My idea was to use rmultinom to generate these samples.
rmultinom(n=50,size=3,prob=c(0.5,0.2,0.3))
Now I get 50 randomly (?) Chosen samples, but I Need all possible combinations when I take 50 samples with replacement.
If I'm understanding you correctly, the probabilities you're after can be calculated analytically.
My sense is that you want to treat all draws with the same numbers of 1s, 2s, and 3s as equivalent (see below if not). That is, 49 straight 1s followed by a 2 counts as the same 50-draw "outcome" as a 2 followed by 49 straight 1s.
In that case, what you're looking for is the value of the multinomial probability mass function evaluated for (p1 = 0.5, p2 = 0.2, p3 = 0.3) and at counts c1, c2, and c3, of 1s, 2s, and 3s (these should sum to 50). You can evaluate the multinomial PMF in R as:
counts = c(c1, c2, c3)
myProbs = c(0.5, 0.2, 0.3)
dmultinom(x = counts, prob = myProbs)
Now all that remains is to enumerate the all the possible combinations of 1s, 2s, and 3s that can occur in 50 draws. Calling the function nsimplex(3,50) (from the combinat package) tells us that there are 1326 of these, and calling the function xsimplex(3,50) (found in the same package) will generate them for us in matrix form. Here are the first five of the 1326 columns:
[,1] [,2] [,3] [,4] [,5]
[1,] 50 49 49 48 48
[2,] 0 1 0 2 1
[3,] 0 0 1 0 1
We then simply need to evaluate dmultinom for each column, using apply column-wise:
mySimplex = xsimplex(3, 50)
myProbs = c(0.5, 0.2, 0.3)
results = apply(mySimplex, 2, dmultinom, prob = myProbs)
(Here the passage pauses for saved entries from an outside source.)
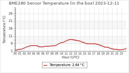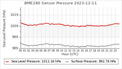 Experimental atmospheric pressure measurement with a simple sensor: BOSCH BME280The instrument is in the data collection box of the CR10X, the temperature and humidity do not reflect the real air conditions, because the box is in the sun and is not properly ventilated for these measurements.
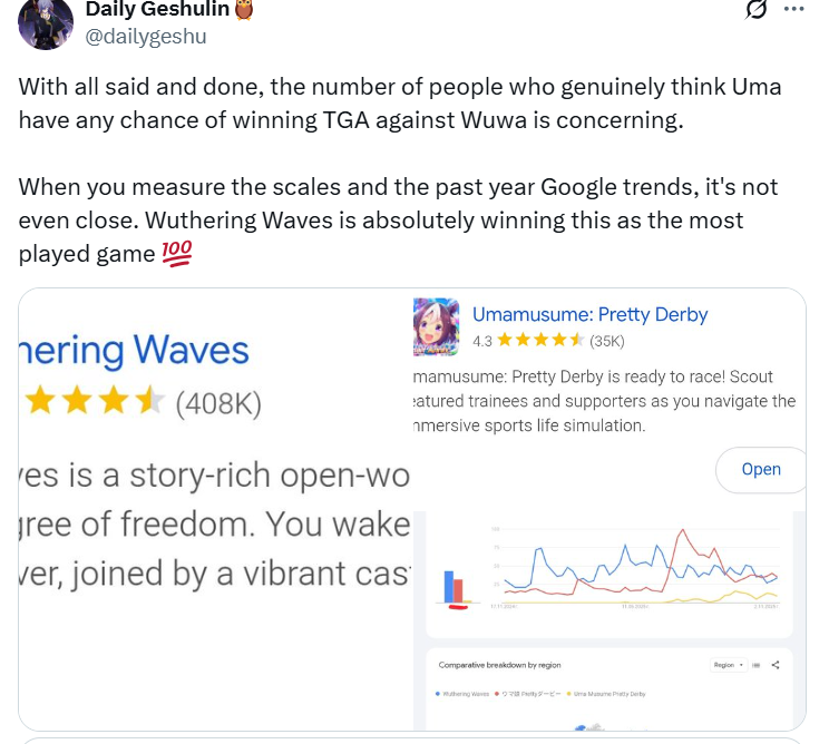 So any chance will win the mobile game award, or will we be mogged by Uma musume.
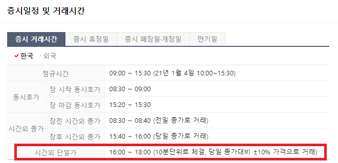 16:00 ~ 18:00 2시간 동안 거래할 수 있는 시간외 단일가 거래는 당일 종가 기준 ±10% 이내에서 10분 단위로 가격이 유동적으로 변합니다.
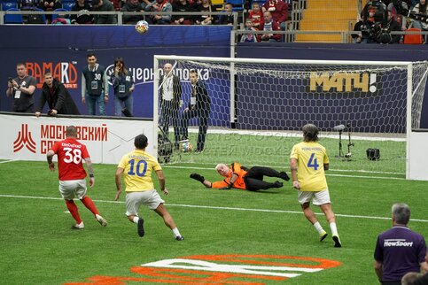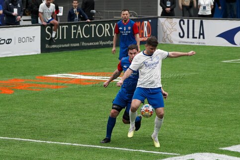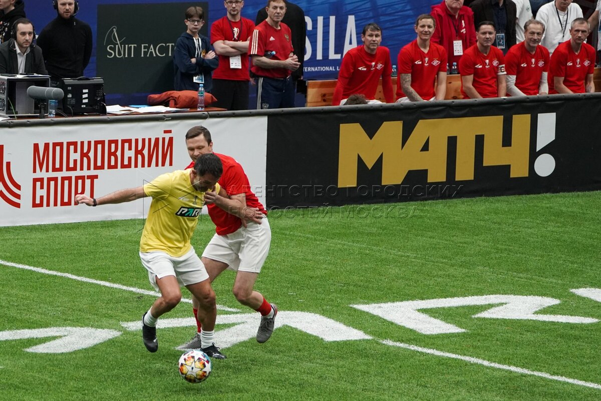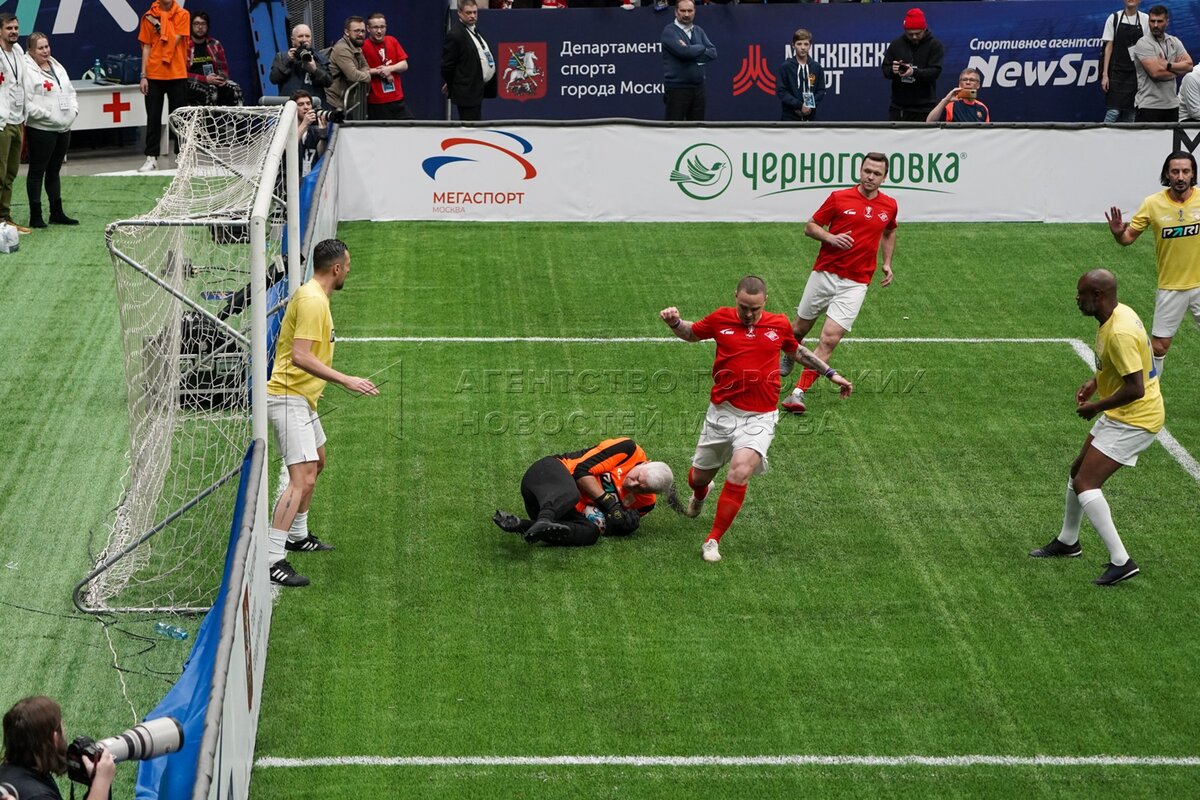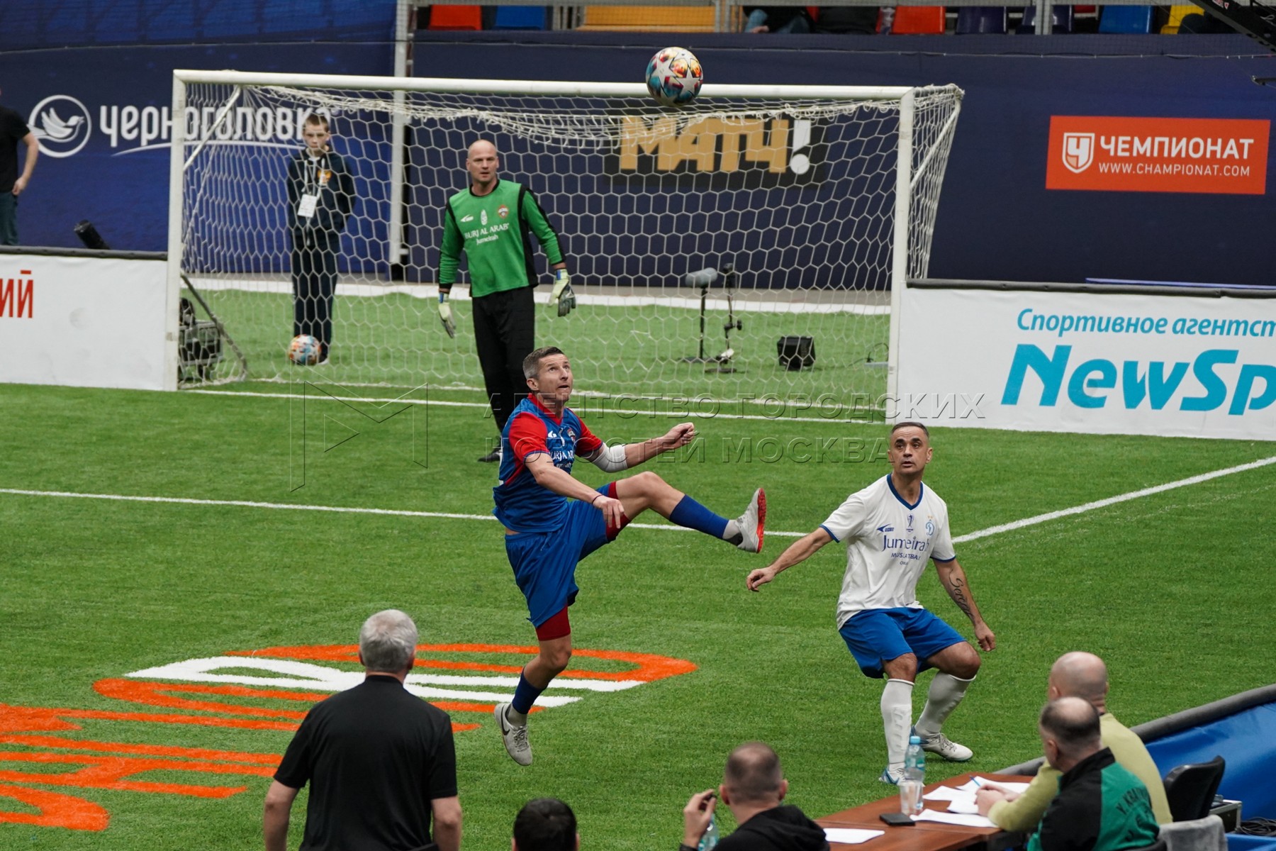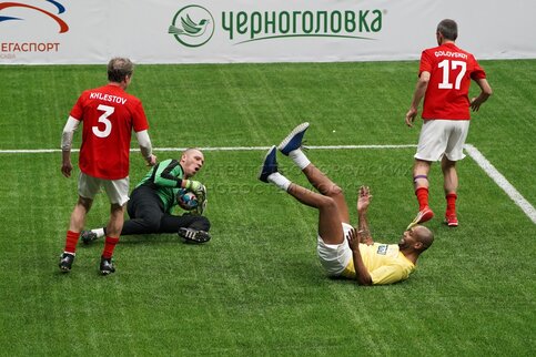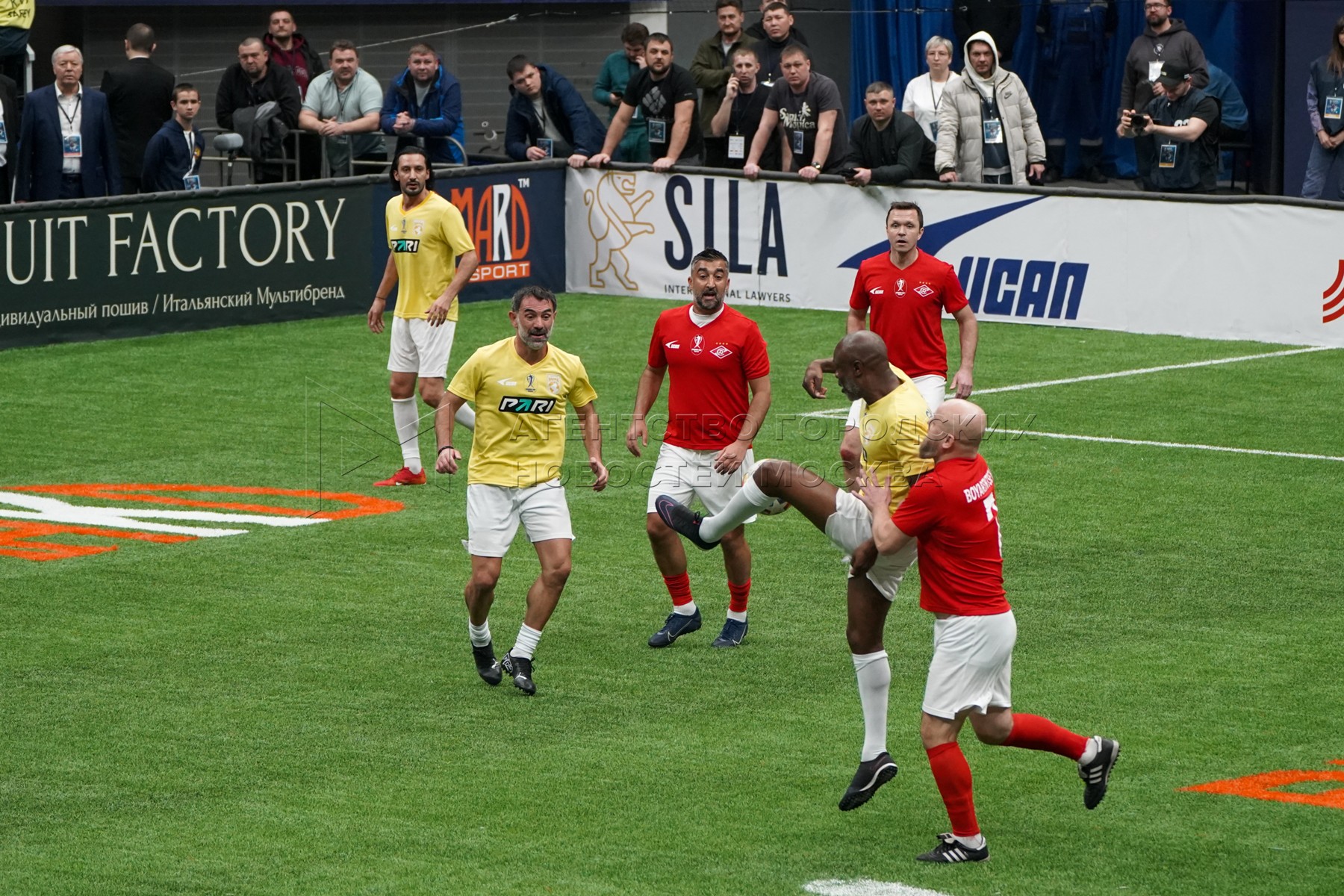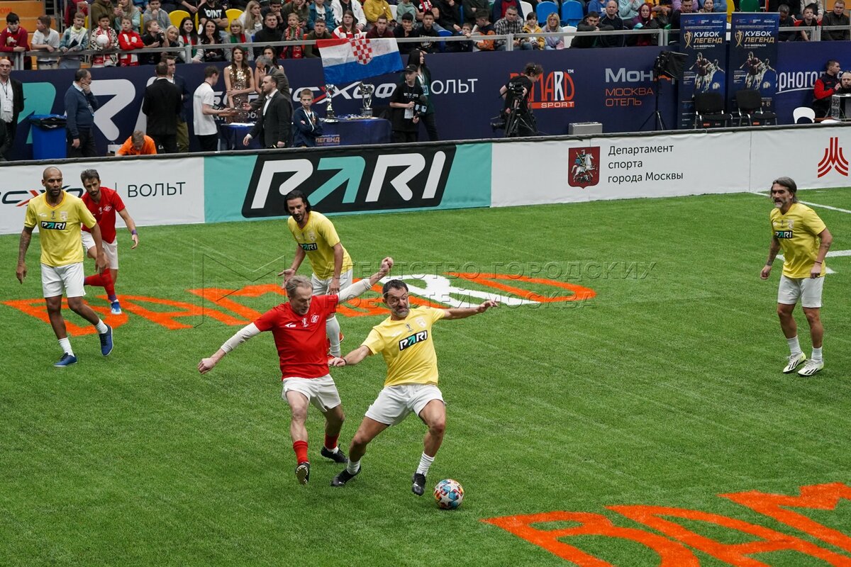 - Описание: Игрок «Легенды Динамо» (слева) и игрок «Легенды ЦСКА» в матче за 3-е место во время 16-го Международного футбольного турнира «Кубок Легенд» имени Константина Еременко во дворце спорта «Мегаспорт».
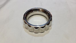 The ‘button strap’ design is one such design. It features a scalloped set of ridges along the outer diameter of the ring finished in a highly polished stainless steel. It’s visually interesting because of the various angles that light can hit the adornment and reflect back. If it were faceted, I’d dare call it a blingy ring. Because I have WAY more cock rings than shaft rings and because I’m unlikely to wear a decked out set, I decided to just dip my toe in the water and only purchase a cock ring perfectly sized to be a shaft ring.

The nth entry in the vector results will be the probability of the counts in the nth column of the matrix mySimplex.
Was this what you were after?
Distinct permutations: If you want to count distinct permutations differently, then the probability of any individual permutation is just:
0.5^(c_1) * 0.2^(c_2) * 0.3^(c_3)
where c_1 is the number of 1s, c_2 the number of 2s, and c_3 the number of threes in the draw. But if you're looking to enumerate all of them, you might want to think again! The number of possible unique length-50 sequences in which each character is a 1, a 2, or a 3 is 3^50 > 10^23.